The SARS-CoV-2 beta coronavirus is the etiological driver of COVID-19 disease, which is primarily characterized by shortness of breath, persistent dry cough, and fever. Because they transport oxygen, ...red blood cells (RBCs) may play a role in the severity of hypoxemia in COVID-19 patients. The present study combines state-of-the-art metabolomics, proteomics, and lipidomics approaches to investigate the impact of COVID-19 on RBCs from 23 healthy subjects and 29 molecularly diagnosed COVID-19 patients. RBCs from COVID-19 patients had increased levels of glycolytic intermediates, accompanied by oxidation and fragmentation of ankyrin, spectrin beta, and the N-terminal cytosolic domain of band 3 (AE1). Significantly altered lipid metabolism was also observed, in particular, short- and medium-chain saturated fatty acids, acyl-carnitines, and sphingolipids. Nonetheless, there were no alterations of clinical hematological parameters, such as RBC count, hematocrit, or mean corpuscular hemoglobin concentration, with only minor increases in mean corpuscular volume. Taken together, these results suggest a significant impact of SARS-CoV-2 infection on RBC structural membrane homeostasis at the protein and lipid levels.
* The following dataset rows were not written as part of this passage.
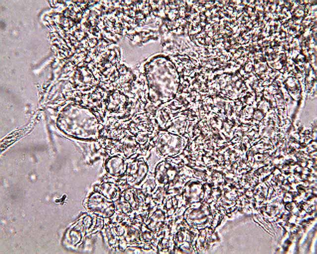 note faint, hyaline appendages apparent only in DIC
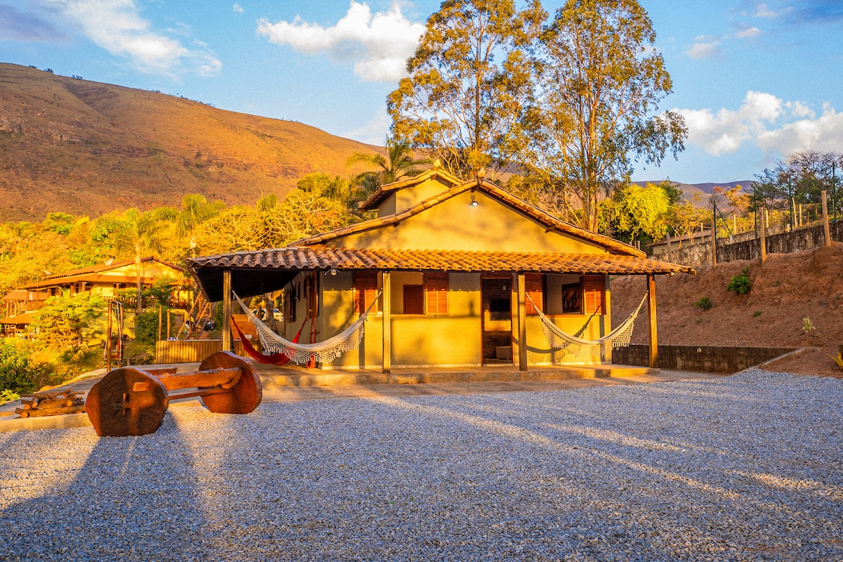 Imerso à natureza um refúgio romântico rústico, teto ecológico com visual encantador proporciona conforto térmico incomparável! Água corrente suave, relaxamento único, aproveite para colocar os pés na água e sentir a correnteza. Mirante com vista dos vales e morros, pôr do sol; em noites claras a lua, esse cenário é perfeito pra fotos inesquecíveis oferece relaxamento sem igual É de tirar o fôlego! Vizinho distante, a sensação de privacidade e conexão permanecem ainda mais intensa! ❤️ 💘❤️
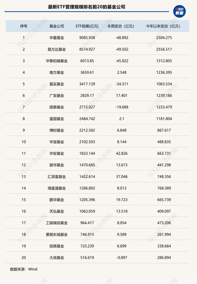 另一方面,华安基金、汇添富基金和鹏华基金本周ETF规模增长靠前,分别增加42.83亿元、37.05亿元和19.72亿元。
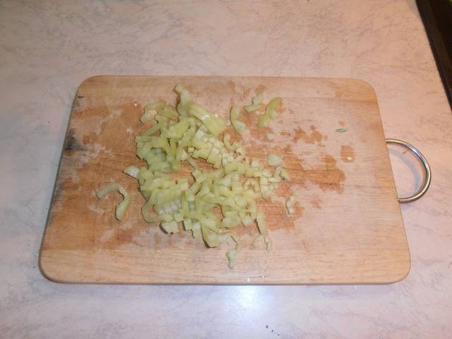 Κόβουμε την πιπεριά στη μέση, αφαιρούμε το κοτσάνι και τους σπόρους και στη συνέχεια την κόβουμε σε λεπτές λωρίδες.
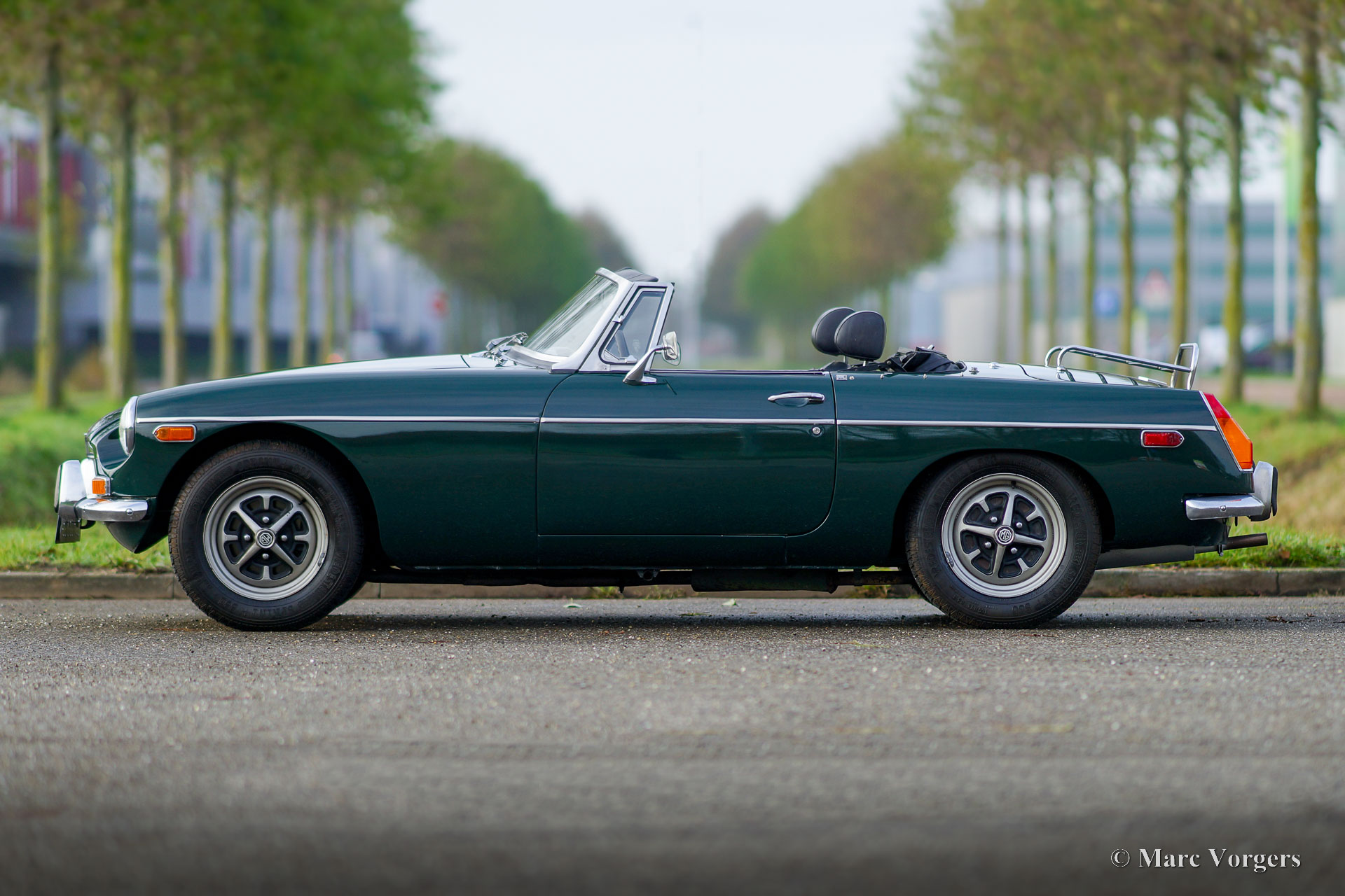 The MG B was the first MG (Morris Garage) to be built of unitary construction bodywork. The MG B roadster was manufactured between 1962 and 1980. Early models can be recognized by the chrome bumpers, but because of American rules on safety, the later models were equipped with synthetic bumpers. The greater part was exported to the United States.

Increases in RBC glycolytic metabolites are consistent with a theoretically improved capacity of hemoglobin to off-load oxygen as a function of allosteric modulation by high-energy phosphate compounds, perhaps to counteract COVID-19-induced hypoxia. Conversely, because the N-terminus of AE1 stabilizes deoxyhemoglobin and finely tunes oxygen off-loading and metabolic rewiring toward the hexose monophosphate shunt, RBCs from COVID-19 patients may be less capable of responding to environmental variations in hemoglobin oxygen saturation/oxidant stress when traveling from the lungs to peripheral capillaries and vice versa.